What to work on
Where the records below reach the line containing "This image shows", start transcribing, and end with the line containing "In 2009, I produced", exactly and with nothing else added.

### Provided entries

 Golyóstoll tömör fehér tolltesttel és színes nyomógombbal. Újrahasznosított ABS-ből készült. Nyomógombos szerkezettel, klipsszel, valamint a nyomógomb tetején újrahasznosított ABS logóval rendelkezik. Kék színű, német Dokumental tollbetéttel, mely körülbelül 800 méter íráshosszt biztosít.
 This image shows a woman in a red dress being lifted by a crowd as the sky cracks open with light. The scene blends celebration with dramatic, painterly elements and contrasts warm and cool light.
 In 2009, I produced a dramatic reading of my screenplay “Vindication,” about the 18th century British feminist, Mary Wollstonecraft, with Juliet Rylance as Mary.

######
### Provided entries

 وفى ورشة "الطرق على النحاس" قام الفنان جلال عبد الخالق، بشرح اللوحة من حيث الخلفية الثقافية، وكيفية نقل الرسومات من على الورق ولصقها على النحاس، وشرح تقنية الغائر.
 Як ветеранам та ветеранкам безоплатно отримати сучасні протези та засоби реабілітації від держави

######

Answer space
 This image shows a woman in a red dress being lifted by a crowd as the sky cracks open with light. The scene blends celebration with dramatic, painterly elements and contrasts warm and cool light.
 In 2009, I produced a dramatic reading of my screenplay “Vindication,” about the 18th century British feminist, Mary Wollstonecraft, with Juliet Rylance as Mary.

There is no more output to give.